"How was school, honey?"
She tries to make the kids' favorite meals on their first day of school, but when she asked Iomedae's favorite meal the girl first stared at her blankly and then after some extended clarifications proposed that they could roast a pig, and she can't actually roast a pig, so dinner is pork chops, and potatoes, and salad from the farmer's market. Iomedae is not a picky eater.
(The girl is in fact clinically obese. The doctor suggested they talk with her about cutting back on junk food, but the social worker said that was a bad idea, with a kid new to care - don't restrict her food access at all, just get her more exercise. So Jenny signed her up for swim lessons at the YMCA and for track and field at school. Iomedae balked at the swimming lessons on the grounds that swimsuits were immodest, and they do actually make hijabi wetsuit things but apparently not in her size. Hopefully track and field she'll actually enjoy.)
"They sayed, I no can fight swords, because I a foster child. Is it that if I am a bowman, I can fight men?"
Rembrandt takes a deep breath and studies the young lady in front of him. She just shot like someone who's been shooting for a decade, and she really does seem at home in garb - none of the air of selfconsciousness that newbies sometimes have in their first Gold Key tunics - but she's clearly a new newbie. Better not to forget it.
"I don't know what the rules are for fostering because I don't know anything about fostering, really, but at the archery range you can compete with the adults, and I think on the heavy field you can do that when you're sixteen. Bowman is a rank, it means if you get three scores like the one you just did then you are a better archer than if you only scored forty or fifty. It's a good rank. If you earn it then the baron and baroness will give you a badge in court, and if you get the next rank up then the crown gives you a badge."
What sort of question even is that? Did this kid's parents abandon her to the foster system because she wasn't good enough at archery?
"Um.... yeah, I don't think anything we do in the SCA is going to... bring your parents back, or magically make you an adult, I'm sorry." His voice softens slightly. "I wish I could, kid, but I'm just the archery marshal."
She doesn't catch every word of that but she catches enough to gather that - he regrets that it does not work that way, he does not have the power to make it work that way but he agrees it would be good. There is something enormously soothing about that, as little as she generally wants to be pitied, about someone agreeing on some level that it would be unfortunate to be enslaved in a foreign land even if it is not actually something they can do anything about. "I understand," she says. "Thank you."
"Iomedae, sweetie, they've got a stand over there where you can spin wool! Do you want to try that?"
Iomedae gives Rembrandt a conspiratorial smile. "Ma'am, I a bowman. I no do girl work now."
Jenny, who is holding a little tuft of wool in her hands for communication-with-Iomedae purposes, blinks, baffled.
"...if you register three scores that good," Rembrandt hastily amends.
But he is willing to turn to Jenny with a somewhat gruff smile and say, "Iomedae did really quite impressively. If she shoots twice more and scores similarly well, they'll call her into court and give her a very good archery rank. Usually people take years to work towards it."

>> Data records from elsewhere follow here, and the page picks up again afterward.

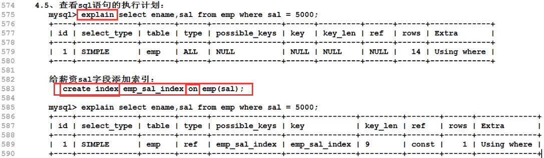 【创建/删除索引】【create index 索引名 on 表名(字段名)】【drop index 索引名 on 表名】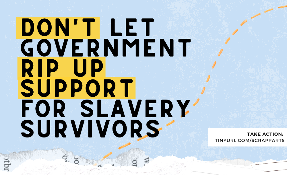 As concerned organisations and individuals, we urge MPs to act against the repeal of hard-won rights under the Modern Slavery Act, and to use whichever platforms are at their disposal to raise these concerns with Government, urgently.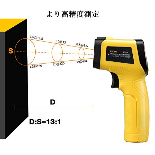 URCERI 工業用温度計 赤外線放射温度計 IR-89-50℃〜580℃ 非接触 放射率可変 1秒瞬間計測 オーバーレンジ表示 D:S=13:1 料理 工業 修理などに レーザークラス2【一年保証】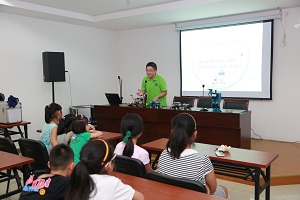 机器人创新实践基地主席的崔轩宇同学担任本次活动的主讲。崔轩宇同学用精美的PPT生动地为小朋友讲解了机器人的构造和原理,通过视频放映的形式告诉了孩子们机器人到底是什么,讲解了机器人的发展历史和发明构成。之后,他又为小朋友们演示了带来的机器人,小朋友们见识到了不同种类、不同功能的机器人,在欢乐的气氛中领略机器人的魅力,感受科技、知识的力量。最后,社区小朋友们在志愿者的讲解下与仿真机器人、救援机器人、机器狗等实体进行了零距离互动。本次活动在小朋友们的欢声笑语中落下帷幕。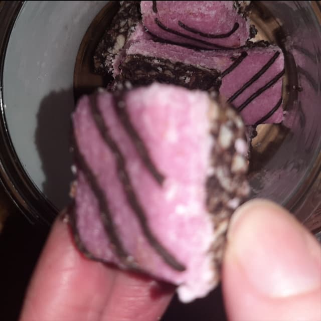 These are so tasty! Very similar to coconut ice but fancier. But have not been able to find them lately so really hoping Woolworths has not discontinued them, especially cause they are my mom's favourite :(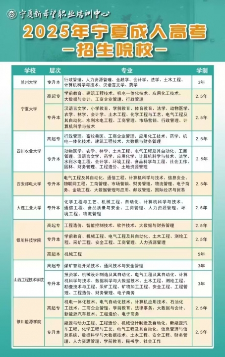国家开放大学,26年春季招生中, 高起专,专升本,免试入学,学制两年半,入学就有学籍,学信网可查 ,26年成考预报名,报名只交145元考试费,即可报名领取资料欢,迎咨询报读 任老师:*****6378(微信同号) 地址:吴忠富康商务中心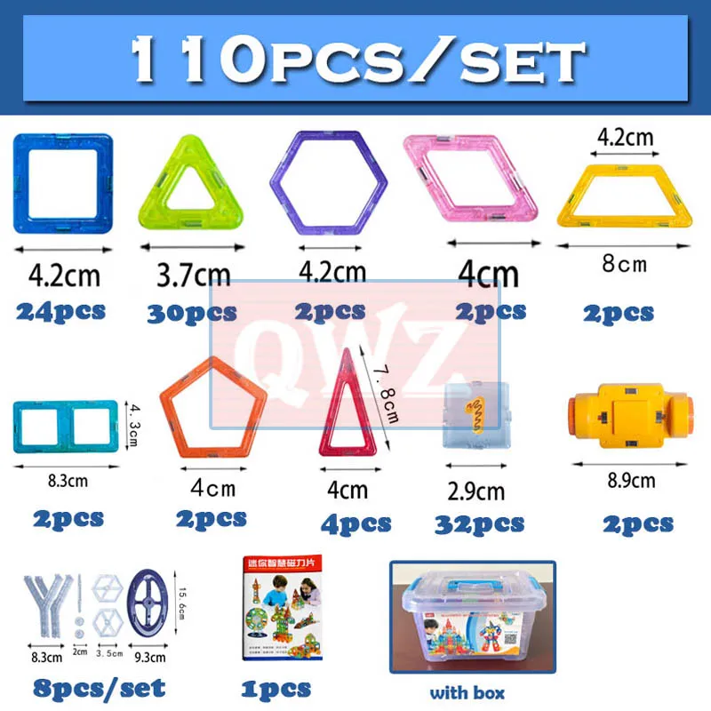 Магнитный мини-конструктор QWZ, 110 шт., модель и конструктор, пластиковые магнитные блоки, обучающие игрушки для детей, подарок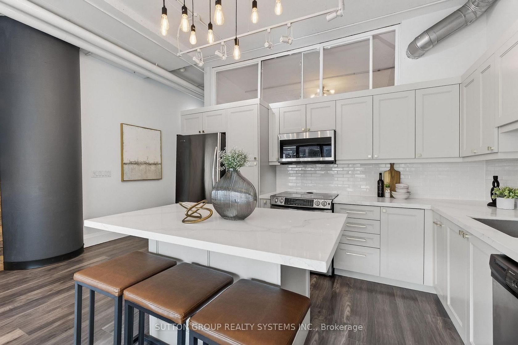Discover stylish urban living at The Network Lofts - one of Etobicoke's most unique and sought-after loft conversions in the heart of vibrant Islington Village! This rare 2nd-floor unit offers nearly 1,000 sq. ft of living space, including one of the largest and most private patios in the building (283 sq ft). Perfect for entertaining family and friends, this sun-drenched home features expansive wall-to-wall windows, soaring 10.5-ft ceilings, and a bright open-concept layout. Enjoy a brand-new custom kitchen with center island and quartz countertops, high-end wide-plank laminate flooring throughout, and authentic industrial-chic design that sets it apart from cookie-cutter condos. Other features include; an upgraded bathroom, an extra-large bedroom closet, and a Pax closet for additional storage, along with one locker and an owned covered parking spot. 24-hour concierge security in a quiet, family-oriented neighborhood. Steps to Islington Subway, close to Kipling GO, Hwy 427, and the QEW. Park right next door, with cafés, restaurants, and shopping along Bloor Street. Kingsway Village is minutes away.

Then his brain catches up to him and he looks back at Iomedae. "...and who said spinning is girls' work? I quite like spinning. It's relaxing."
Spinning is not relaxing! Spinning is like school, in that you have to sit to do it and cannot be doing anything you want to do. It is better than school because it has a purpose but she is not going to be persuaded that it is objectively enjoyable or something.
"I want shoot more, for bowman."
"Ma'am, if I obey God best in spinning, God no make me a holy warrior. If God sayed Iomedae spin, then I do this every day of my life until no can see even by sun. But God did not say this. God want me to bowman."
This seems like a perfectly fine argument to Rembrandt, who agrees that God clearly wanted him to be at the archery range all day every day given the level of archery passion he put in his soul. Sitting still indoors just makes him crave fresh air. He is also acutely aware that he isn't the world's most diplomatic person, and it seems like a bad idea to get in the way of the foster parent looking after her kid.
"If God wants you to be a bowman, who am I to argue? We'll make sure you get it, kid. If you don't have time to shoot three scores today, you can come down the archery range and I'll take a score for you at a practice. You might even have time to enjoy the rest of the event and still come back and shoot two more today, specially with how fast you shoot."